Finetune a language model on a group of CLPsych users based on risk level.

You are required to specify a group to finetune on. All options follow the format {Risk level}_risk_{Subreddit set}. Risk level can be no, low, moderate, high, or any (includes low, moderate, and high, but not no risk). Subreddit set can be sw (SuicideWatch posts only) or all (all posts by the users in the risk level group)

Example:

# example
python finetune.py --train_group high_risk_sw --model_output_dir data/model_output

Usage:

Usage: 
python finetune.py [-h] -g {low_risk_sw,high_risk_sw,moderate_risk_sw,low_risk_all,high_risk_all,moderate_risk_all,no_risk_sw,no_risk_all,any_risk_sw,any_risk_all} [-tr ALL_LABELS_MESSAGES_TRAIN] [-d MODEL_OUTPUT_DIR] [-k] [--logging_dir LOGGING_DIR] [--device DEVICE] [-m {distilgpt2}] [-e NUM_EPOCHS] [-lr LEARNING_RATE] [-wd WEIGHT_DECAY] [-ss SAVE_STRATEGY] [-es EVAL_STRATEGY] [--logging_steps LOGGING_STEPS] [--hidden_dropout_prob HIDDEN_DROPOUT_PROB] [--train_proportion TRAIN_PROPORTION]

Options
    -h, --help
    -g, --train_group {low_risk_sw,high_risk_sw,moderate_risk_sw,low_risk_all,high_risk_all,moderate_risk_all,no_risk_sw,no_risk_all,any_risk_sw,any_risk_all}
    -tr ALL_LABELS_MESSAGES_TRAIN, --all_labels_messages_train ALL_LABELS_MESSAGES_TRAIN
                            Path to training data file.
    -d, --model_output_dir MODEL_OUTPUT_DIR
                            Directory for saving the model checkpoints. They will be saved at [args.dir]/[args.train_group]. Recommended to make this unique to your experiment.
    -k, --keep_annotations
                            Pass in -k if you want to include the posts that we annotated internally.
    --logging_dir LOGGING_DIR
                            Path to a logging dir if you don't want to use the default.
    --device DEVICE
    -m, --base_lm {distilgpt2}
                            Name of pre-trained language model you want to finetune.
    -e, --num_epochs NUM_EPOCHS
    -lr LEARNING_RATE, --learning_rate LEARNING_RATE
    -wd, --weight_decay WEIGHT_DECAY
    -ss, --save_strategy SAVE_STRATEGY
    -es, --eval_strategy EVAL_STRATEGY
    --logging_steps LOGGING_STEPS
                            Number of update steps between logs
    --hidden_dropout_prob HIDDEN_DROPOUT_PROB
                            Dropout
    --train_proportion TRAIN_PROPORTION
                            Proportion of data to use for train, the rest will be used for eval.

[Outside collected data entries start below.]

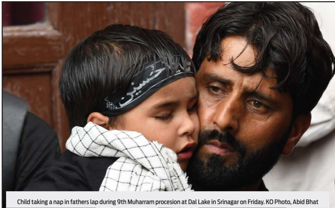
Child taking a nap in fathers lap during 9th Muharram procesion at Dal Lake in Srinagar on Friday.

The convocation is likely to be held in the near future and in this regard the university's administration has already started making preparations.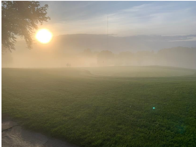
Figure 33. Sunrise at Palmer Hills.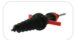
auger base (ZOOM-AUG)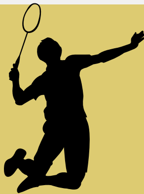
Badminton singles | Badminton doubles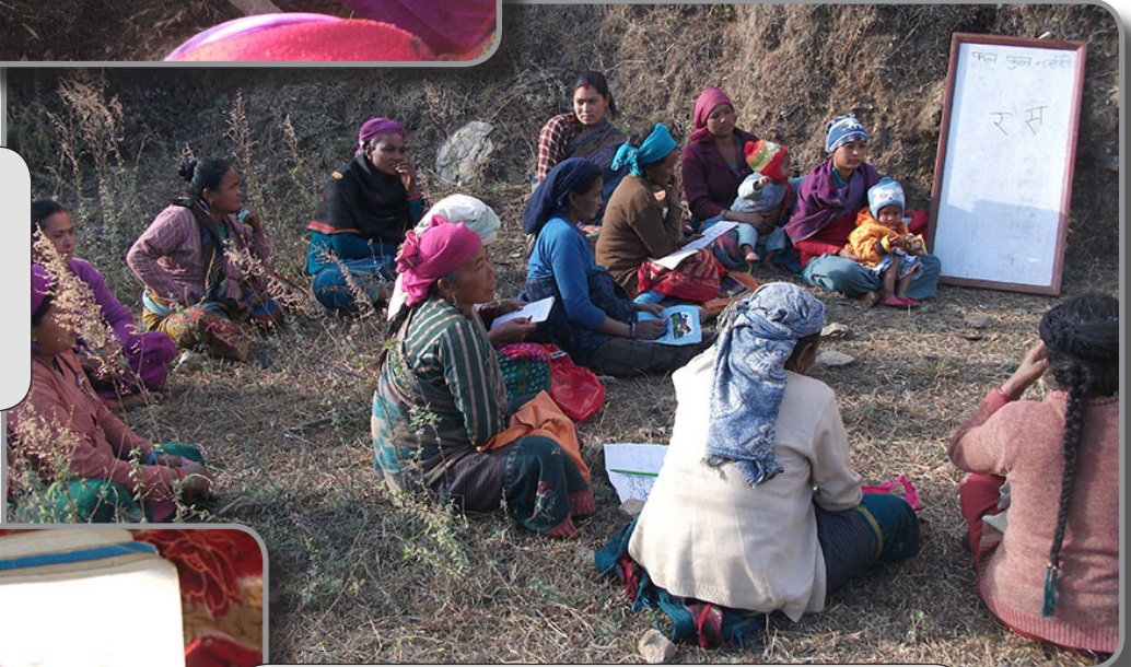
Right - members of Janasahayogi group, Subbatol during their PLC. The classes are held for 2 hours 5 days a week and continue for 9 months.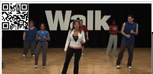
Walk Indoors! Add Intensity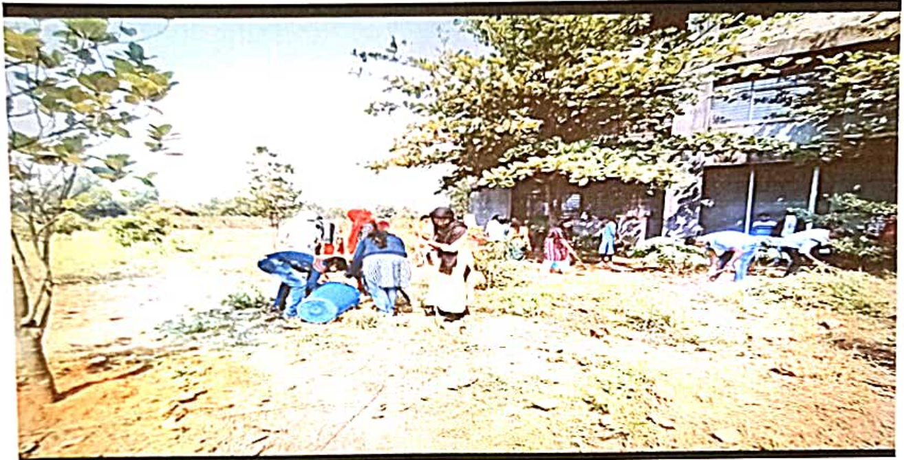
Collecting Dry and wet waste from college surrounding

(Optional) Plot losses of the finetuned language models.

python plot_loss.py

Options:
    -h, --help            show this help message and exit
    -lm LM_TO_PLOT [LM_TO_PLOT ...], --lm_to_plot LM_TO_PLOT [LM_TO_PLOT ...]
                            Name of the language models you want to plot (i.e. the 'train group'). If passing in nothing, it will do all found LMs in --model_dir path.
    -d, --model_dir MODEL_DIR 
                            Directory where the lms are. Defaults to MODELDIR specified in config.py.
    -o, --plot_path PLOT_PATH
                            Directory where you want to save the plot images. Defaults to MODELDIR/_loss_plots.

Compute token entropies using one group's language model on another group's test data.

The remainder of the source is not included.